Re-imagining Thomas Hardy’s Far From The Madding Crowd


This week I went to see the latest version of Thomas Hardy’s Far From The Madding Crowd and it started me thinking about bringing classic novels to the big screen.  A long time Thomas Hardy fan (see Visiting Thomas Hardy’s house at Max Gate ) anyone who didn’t know this is based on his novel could be forgiven for not realising, as his credit is so small and fleeting.

Set in the rural Dorset of Victorian England and starring the perfectly cast Carey Mulligan as the independent  Bathsheba Everdene, the story is a classic love triangle.  Three very different men, Gabriel Oak, a sheep farmer; Frank Troy, a swaggering red-coated Sergeant, and (in a wonderfully understated performance from Martin Sheen) William Boldwood, Bathsheba’s bachelor neighbour, all compete for Bathsheba’s affection.
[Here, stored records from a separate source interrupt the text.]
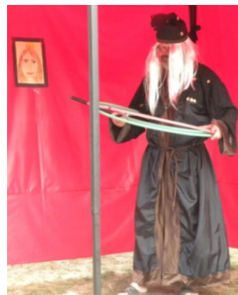
... ten se jí ale nechtěl vzdát a stanovil jim úkoly...
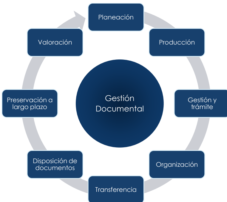
Ilustración 1 Procesos de la gestión documental

Para cada proceso se definirá los lineamientos y actividades de corto, mediano y largo plazo que permitirán implementar un modelo de gestión documental estandarizado en la Rama Judicial y darán cumplimiento a requerimientos de tipo administrativo, legal, funcional o tecnológico.
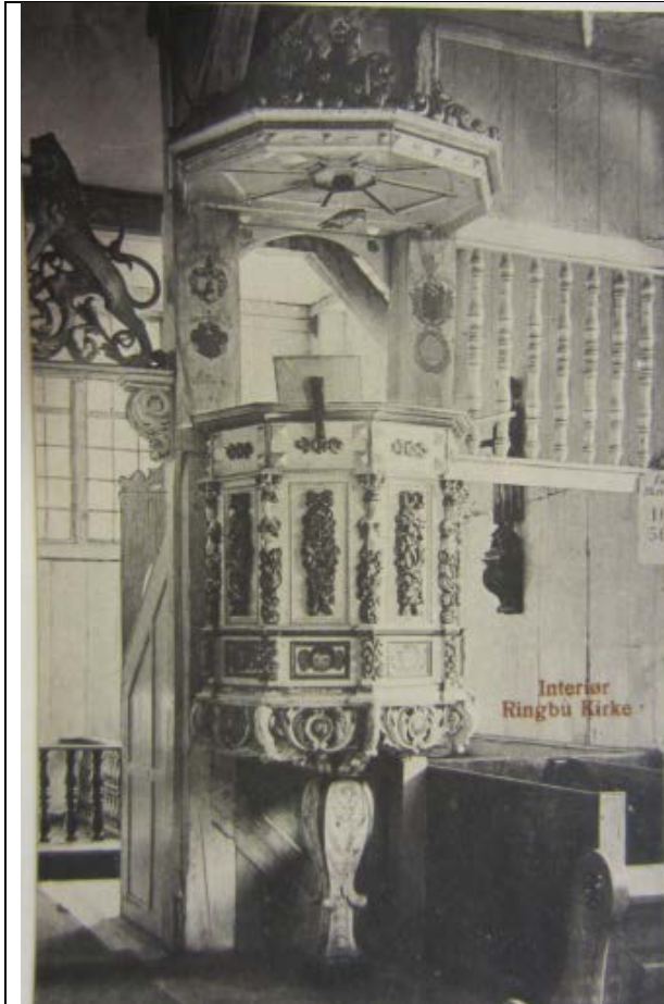
Udatert postkort i Riksantikvarens arkiv viser prekestolen med overmaling.

Prekestolen ble behandlet av Riksantikvarens konservatorer i 1982. Se vedlegg 2.

Director Thomas Vinterberg’s re-imagining  is the fourth time this novel became a film, the first being exactly a hundred years ago in 1915.

Far From the Madding Crowd is Thomas Hardy's fourth novel, written in 1874, and his first real success. Interestingly, Hardy first published it anonymously as a monthly serial in Cornhill Magazine, the Victorian equivalent of ‘Wattpad’.  

Hardy took inspiration from the people and landscape of Dorset, although the name of Bathsheba is from the Bible (she was the mother of Solomon who was seduced by King David - a story echoed in the novel).

Hardy took his title from Thomas Gray's Elegy Written in a Country Churchyard:

         Far from the madding crowd's ignoble strife
         Their sober wishes never learn'd to stray;
         Along the cool sequester'd vale of life
         They kept the noiseless tenor of their way.

So what did I think of the latest version?  Loved it. It helps that the screenwriter, David Nicholls, is also a best-selling novelist, who also adapted Tess of the d'Urbervilles for the lavish BBC production.  As well as being able to bring a writer’s insight to retelling Hardy’s compelling story, he brings a modern sensitivity to the way it addresses female independence.  In an interview with The Telegraph, Nicholls says he tried to remain true to Hardy. “I will change things if they seem to suit the medium better but apart from that I’m just trying to dig out what I love about it and be faithful to that.”

This is as good an example as any of how classic novels can be brought into the twenty-first century. The 2015 version has made me return to the Hardy’s original, although I doubt I’ll ever be able to picture Bathsheba Everdene without remembering Carey Mulligan racing her horse across the Dorset countryside.